Assignment ▸
Would you please repeat exactly the entries below, starting at the line with "学工部胡小毅副部长宣读第三届" and ending at the line with "Erläuterung: Der leichte", and nothing outside that range? Leave out the pictures.

Material provided ▸

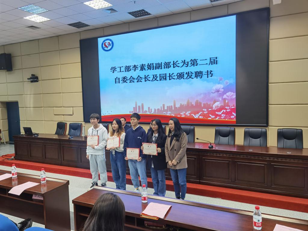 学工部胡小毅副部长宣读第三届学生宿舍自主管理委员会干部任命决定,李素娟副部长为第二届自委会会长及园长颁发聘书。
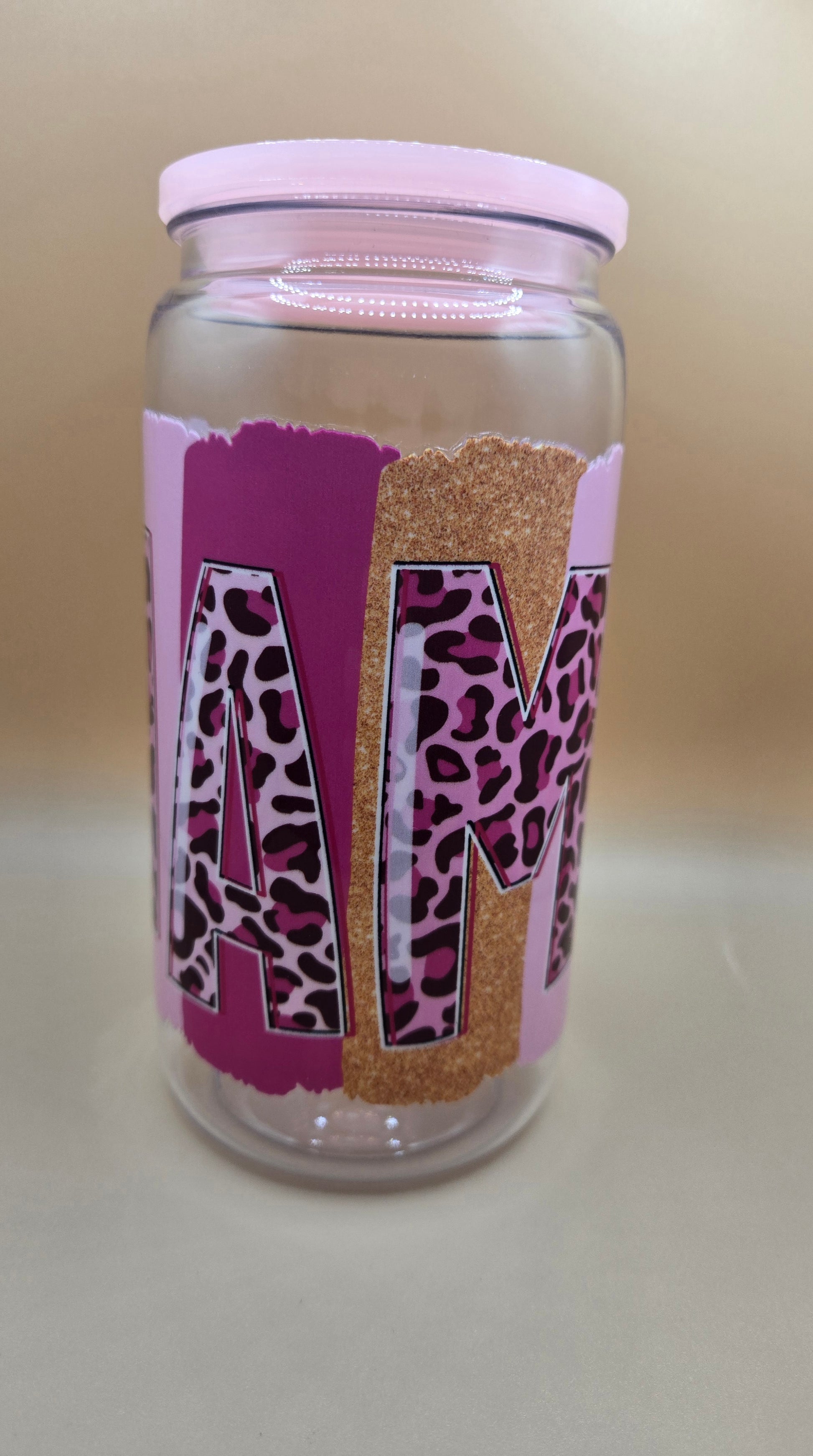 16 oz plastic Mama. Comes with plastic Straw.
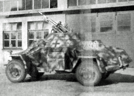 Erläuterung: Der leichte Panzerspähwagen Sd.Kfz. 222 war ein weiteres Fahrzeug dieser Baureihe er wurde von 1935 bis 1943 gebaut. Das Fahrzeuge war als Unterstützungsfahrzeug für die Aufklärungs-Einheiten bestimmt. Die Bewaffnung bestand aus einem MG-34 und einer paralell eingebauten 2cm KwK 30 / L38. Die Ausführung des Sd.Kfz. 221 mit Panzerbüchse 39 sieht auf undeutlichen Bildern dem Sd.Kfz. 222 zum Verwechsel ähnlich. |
---
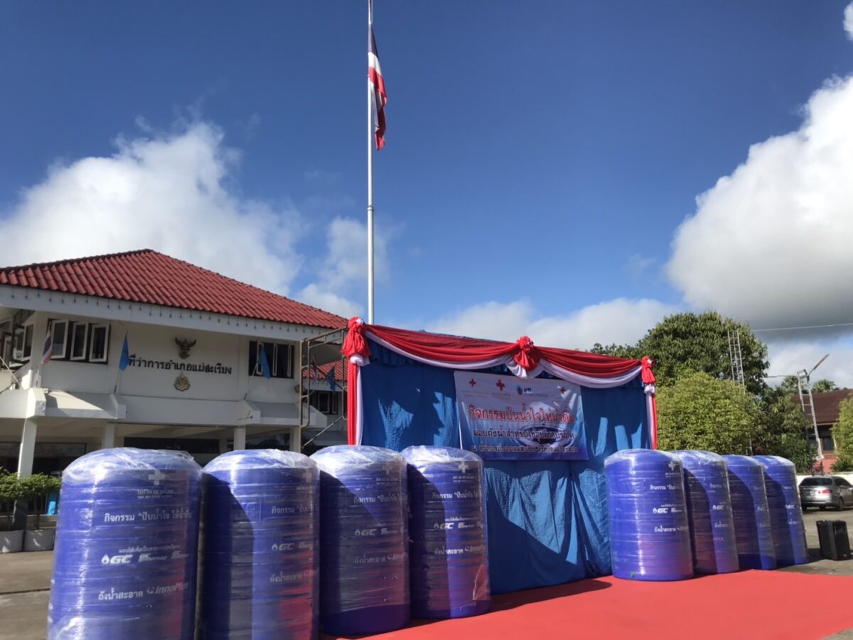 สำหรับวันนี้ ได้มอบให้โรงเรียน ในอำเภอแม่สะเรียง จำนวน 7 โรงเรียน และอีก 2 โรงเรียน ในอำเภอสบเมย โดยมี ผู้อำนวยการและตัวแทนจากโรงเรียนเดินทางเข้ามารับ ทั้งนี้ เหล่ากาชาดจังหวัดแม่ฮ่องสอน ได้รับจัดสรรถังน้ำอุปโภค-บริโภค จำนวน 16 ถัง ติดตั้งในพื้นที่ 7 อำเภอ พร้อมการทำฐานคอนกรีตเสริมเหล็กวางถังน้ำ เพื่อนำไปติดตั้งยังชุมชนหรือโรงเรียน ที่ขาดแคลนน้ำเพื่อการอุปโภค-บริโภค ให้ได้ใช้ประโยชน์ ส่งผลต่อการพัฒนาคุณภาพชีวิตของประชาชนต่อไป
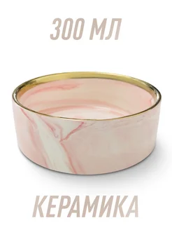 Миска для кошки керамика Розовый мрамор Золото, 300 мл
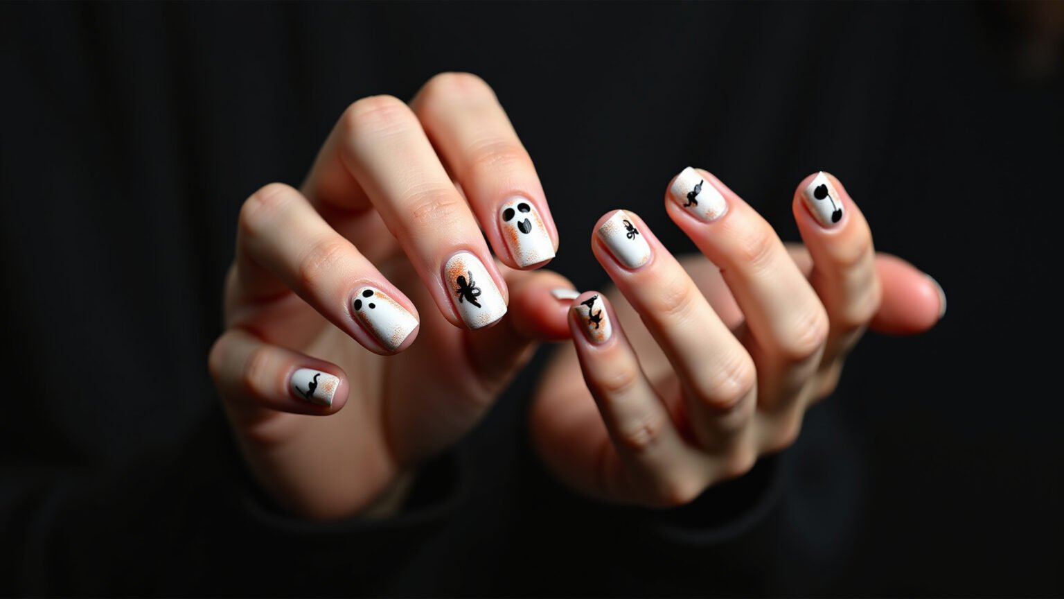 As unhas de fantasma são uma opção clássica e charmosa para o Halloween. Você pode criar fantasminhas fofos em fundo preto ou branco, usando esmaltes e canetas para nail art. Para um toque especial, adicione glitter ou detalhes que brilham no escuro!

Answer to this exercise ▸
 学工部胡小毅副部长宣读第三届学生宿舍自主管理委员会干部任命决定,李素娟副部长为第二届自委会会长及园长颁发聘书。
 16 oz plastic Mama. Comes with plastic Straw.
 Erläuterung: Der leichte Panzerspähwagen Sd.Kfz. 222 war ein weiteres Fahrzeug dieser Baureihe er wurde von 1935 bis 1943 gebaut. Das Fahrzeuge war als Unterstützungsfahrzeug für die Aufklärungs-Einheiten bestimmt. Die Bewaffnung bestand aus einem MG-34 und einer paralell eingebauten 2cm KwK 30 / L38. Die Ausführung des Sd.Kfz. 221 mit Panzerbüchse 39 sieht auf undeutlichen Bildern dem Sd.Kfz. 222 zum Verwechsel ähnlich. |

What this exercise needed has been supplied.